[WORK TO BE COMPLETED] Beneath this line sits some data. Return only its lines from the one holding "Slidstærke trenålssømme forlænger" through the one holding "제14회 밀알콘서트를 개최한다.", inclusive, exactly, with the images removed.

[SUPPLIED INFORMATION]
== Segment start ==

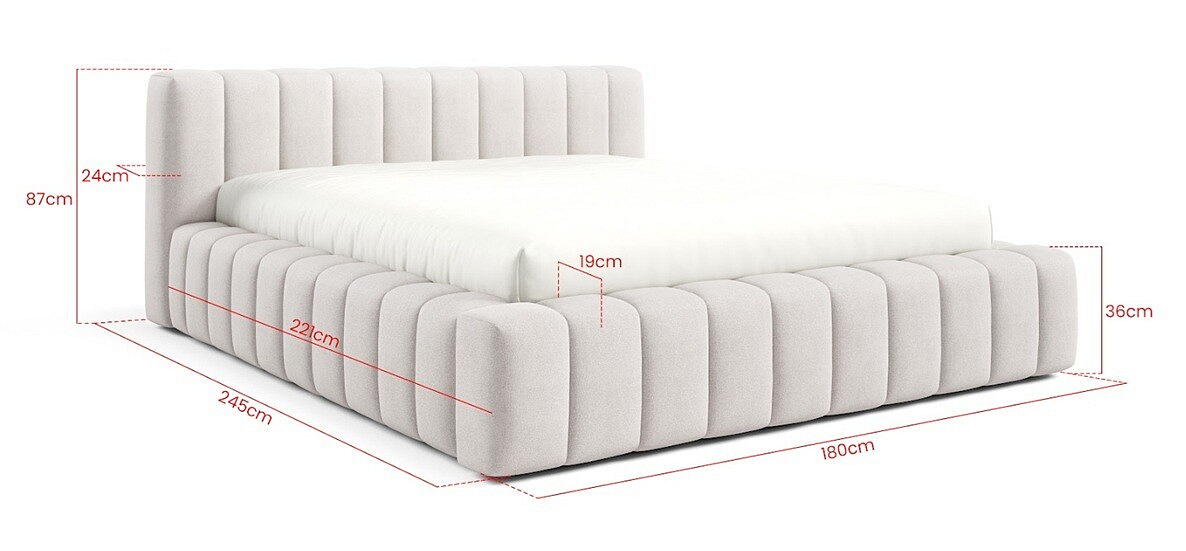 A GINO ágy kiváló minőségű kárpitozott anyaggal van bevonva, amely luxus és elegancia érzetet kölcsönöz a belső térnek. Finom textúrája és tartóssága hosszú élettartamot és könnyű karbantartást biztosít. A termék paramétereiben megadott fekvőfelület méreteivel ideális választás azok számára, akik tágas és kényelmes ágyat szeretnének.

== Segment end ==
== Segment start ==

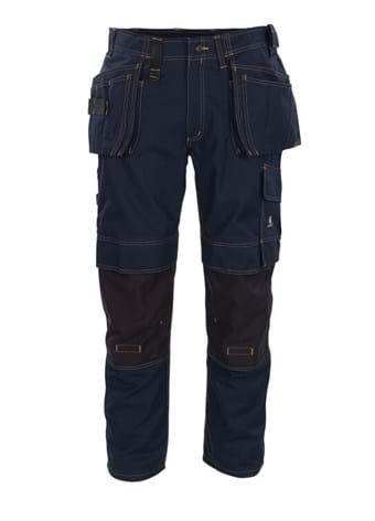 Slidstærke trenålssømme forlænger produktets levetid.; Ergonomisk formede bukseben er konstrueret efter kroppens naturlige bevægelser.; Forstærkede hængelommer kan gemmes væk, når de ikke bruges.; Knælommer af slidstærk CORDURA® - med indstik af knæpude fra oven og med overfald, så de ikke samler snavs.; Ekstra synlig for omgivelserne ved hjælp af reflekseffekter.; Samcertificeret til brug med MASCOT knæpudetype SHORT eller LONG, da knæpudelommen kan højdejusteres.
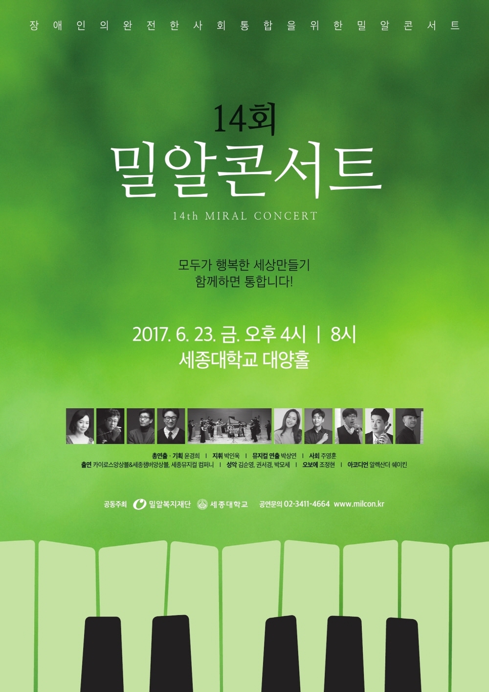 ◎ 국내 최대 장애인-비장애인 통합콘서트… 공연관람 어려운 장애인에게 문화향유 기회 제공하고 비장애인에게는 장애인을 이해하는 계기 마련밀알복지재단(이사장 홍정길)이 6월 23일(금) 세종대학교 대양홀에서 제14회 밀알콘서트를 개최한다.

== Segment end ==

[EXERCISE ANSWER]
 Slidstærke trenålssømme forlænger produktets levetid.; Ergonomisk formede bukseben er konstrueret efter kroppens naturlige bevægelser.; Forstærkede hængelommer kan gemmes væk, når de ikke bruges.; Knælommer af slidstærk CORDURA® - med indstik af knæpude fra oven og med overfald, så de ikke samler snavs.; Ekstra synlig for omgivelserne ved hjælp af reflekseffekter.; Samcertificeret til brug med MASCOT knæpudetype SHORT eller LONG, da knæpudelommen kan højdejusteres.
 ◎ 국내 최대 장애인-비장애인 통합콘서트… 공연관람 어려운 장애인에게 문화향유 기회 제공하고 비장애인에게는 장애인을 이해하는 계기 마련밀알복지재단(이사장 홍정길)이 6월 23일(금) 세종대학교 대양홀에서 제14회 밀알콘서트를 개최한다.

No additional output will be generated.